She snapped the radio off, set it to one side, and entered the room. Crablike, she scuttled in and waited for her breathing to slow down. She could see Anjoli's cheek, shining wet with tears or sweat. It had to be him, no one else had hair swept back like that.

“Anjoli!” she cried, in a hoarse whisper. “I'm here.”

Oh, the crying was louder now and it was the loneliest sound in the world. It was desolate, tired, and abandoned, as if he'd been crying all night. It was so full of longing that it moved things in Millie's guts she never wanted moved again. “I'm here,” she said. “It's me—Millie! Be quiet, Anjoli, please!”

She came past the first robot. It was wearing a surgical mask. There were tools on its tray, bright silver in the candlelight. Little picks and knives and tweezers, but she didn't want to look. She glanced up and the second one seemed to be staring at her, over an identical white mask. Cotton wool and towels were piled on that tray.

Millie forced her eyes forward and focused only on Anjoli. He was bound by his wrists and his ankles, and there was a complicated scaffold holding his head still, drawing it backward. His eyes were wide, bigger than ever, and they were filmed with tears and they weren't focusing. His lips were slightly open too and he was breathing evenly. Deep shock, perhaps?

She put her hands against his face and pushed his hair back. He was warm to the touch. “Anjoli,” she said. “Have they hurt you? Have they done anything?”

He stared past her, he didn't know she was there—but the sobbing started again, louder now. It seemed to come not from Anjoli, but from the walls and ceiling. Even as Millie looked up and around, the sobbing started to echo and take on a demented quality, more like mocking laughter.
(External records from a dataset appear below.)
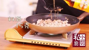 ▲等看到肉馅的颜色变白了,倒1大勺的料酒继续翻炒,取出肉腥味,等看到肉馅没有红色的了,就可以出来备用了。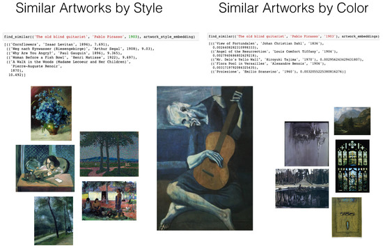 Our dataset contains a total of 68,094 artworks and their corresponding vectors, with 1626 unique artists, 132 unique styles, and 42 unique genres (We release our dataset and demo notebooks on GitHub: https://github.com/bhargavvader/WikiArtVectors, accessed on 9 June 2022). There are a total of 24,857 temporal artist vectors, 6055 temporal style vectors, and 6402 temporal genre vectors at different levels of aggregation. In this section, we will showcase some of the use-cases of such a framework. In our demo Jupyter notebooks, we showcase some of the use-cases of our vectors and representations. We broadly demonstrate three use-cases: (1) retrieving similar artworks, (2) clustering similar entities, and (3) measuring change over time. We note that these use-cases only touch the surface of all the possibilities with this vectorised data-set.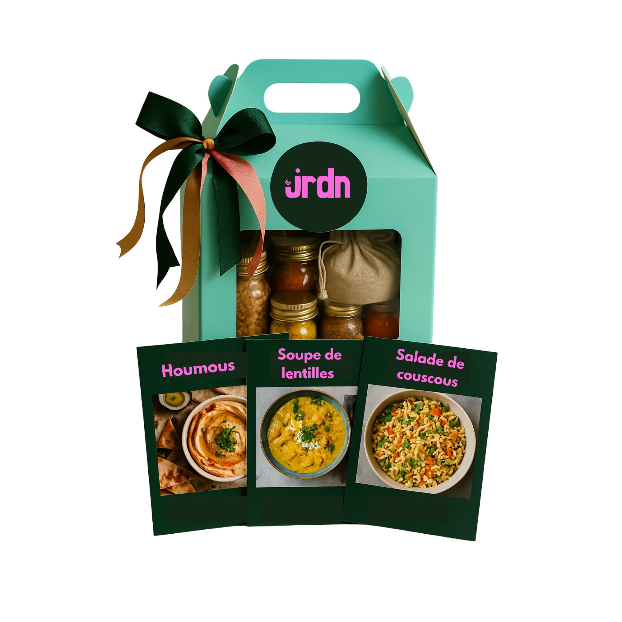 La boîte des Fêtes du JRDN rassemble trois recettes savoureuses à réaliser à la maison, accompagnées d’ingrédients secs soigneusement choisis dans notre garde-manger.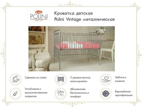 Кроватка Polini Vintage 110 металлическая, серебро интересное: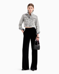 Cropped jacket made from cotton denim. The logo is not explicit, but still remains the decorative star: a storm of rhinestones designs a very dense pattern with an all-over EA logo, creating a myriad of bright, sparkling highlights. Product Code: 6D2B812DULZ10662 Details Composition 100% Cotton Denim All-over rhinestone logo Classic collar Front buttoning Logo buttons Front pockets with flap and button Matching stitching Leather tag at the back Fitting The model is 178 cm tall and is wearing size 40/S (Italian Size)

“He can't hear you,” said a voice.

Millie swung round, and there was Miss Hazlitt, and she too was laughing. She was wearing a white coat. Millie had never seen her in a white coat before. A tape rewound and she heard her own voice, loud and demanding: “
Excuse me, miss? Excuse me?
” Then she heard Ruskin, asking a question, and the laughter of a whole classroom full of children.

“Oh, Millie,” said Miss Hazlitt, sadly. “Surely you didn't think it would be that easy?” Her voice was different. It was deeper.


Welcome to our school!
” said the voice of an orphan. Children were still giggling in the background. “
We hope you will enjoy . . . we hope you . . .”
The voice dissolved into giggles, and she could hear the manners and civilization class—desks banging, feet stamping. As she stood there, stunned, lights were flashing on. They had generators, of course they did. Monitors were coming
on in bright blue and above—on a big screen—there were images of a school corridor, a dormitory. Millie saw children running, walking, fighting . . . “
Can I help you, sir? Are you looking for the office?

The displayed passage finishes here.